It’s common in the film industry to hear about an actor, director, or screenwriter receiving an honor or accolade. However, this is the first time an honorary Palme d’Or has been awarded to a group. The Palme d’Or, the highest prize awarded at the Cannes Film Festival, is typically given to individual films or filmmakers. This year, on May 19, Studio Ghibli will be receiving its honorary Palme d’Or at the Cannes Film Festival.
Studio Ghibli is a Japanese animation studio with a strong presence in the industry. While several of its films have been awarded top honors, for the first time, the studio itself will be honored with an honorary award. The studio was founded by renowned Japanese animator and filmmaker Hayao Miyazaki, Isao Takahata, and producer Toshio Suzuki.
While Miyazaki is thrilled with the studio being honored with the Palme d’Or, Suzuki believes the animators are not comfortable with being singled out for the honors surrounding his filmmaking. He said for Miyazaki via his translator,
“He knows a large group of people have helped make each one of his films. Miyazaki is typically Japanese, which is to say he is very shy. When he learned this award was for our studio as a group, he was very happy with that. It takes a long time to make his movies, and many people help make the movies.”
While Suzuki and Miyazaki were deferential about the award, Cannes president Iris Knobloch and general delegate Thierry Fremaux were effusive in their statements. They said,
“For the first time in our history, it’s not a person but an institution that we have chosen to celebrate. Like all the icons of the seventh art, these characters populate our imaginations with prolific, colorful universes and sensitive, engaging narrations.
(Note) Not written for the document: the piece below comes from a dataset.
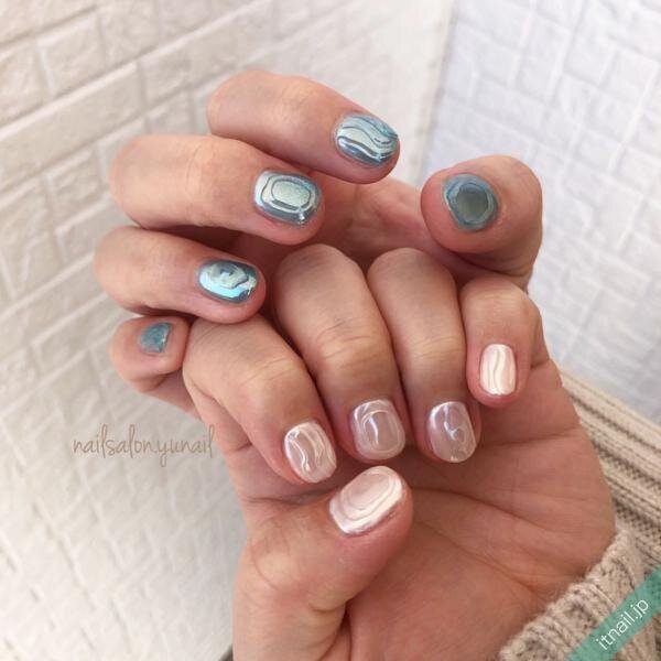 左手はツヤたっぷりのパキッとしたブルーで単色塗りに。右手は天然石風のデザインやメタリックなど、爪ごとにデザインを変えたデザインに。高発色な単色塗りだけ、デザインネイルだけだと力を入れすぎな印象にみえますが、2つを組み合わせればほどよいテンションに。あえてのちぐはぐ感がおしゃれです。

With Ghibli, Japanese animation stands as one of the great adventures of cinephilia, between tradition and modernity.”
We can’t agree more with the statement, as it’s indeed true that Studio Ghibli has dominance in the animation world.
How did Studio Ghibli come into existence?
It does indeed feel cathartic to realize that we often receive more and better than we expect. A similar thing happened with Studio Ghibli. When it commenced, the founders just wanted to keep their company afloat and didn’t have their eye on creating the kinds of internationally acclaimed masterpieces that eventually came to define their work. Rather than aiming for something big, they were simply focused on making one film after another.
One of the co-founders of the studio, Suzuki, said,
“We were too busy [to think about those kinds of goals]. We were making the first film, and we thought maybe if we can make this film and it succeeds, then we can make the next film. But we knew that if we fail and the movie is bad or if no one likes it then that was the end of us. So we were just focusing on that first film.”
Studio Ghibli was launched in the 1980s by directors Hayao Miyazaki and Isao Takahata and producer Toshio Suzuki. Ever since then, it has become a home for many renowned animated films. It is where Miyazaki made his Oscar-winning 2023 animated feature “The Boy and the Heron,” “Princess Mononoke,” and “Spirited Away,” which was also an Oscar-winner for animated feature and one of the highest-grossing films in Japan’s history.
The studio is also known for the film “My Neighbor Totoro,” which inspired its mascot, a large, rounded spirit whose shape borrows from raccoons, dogs, and cats.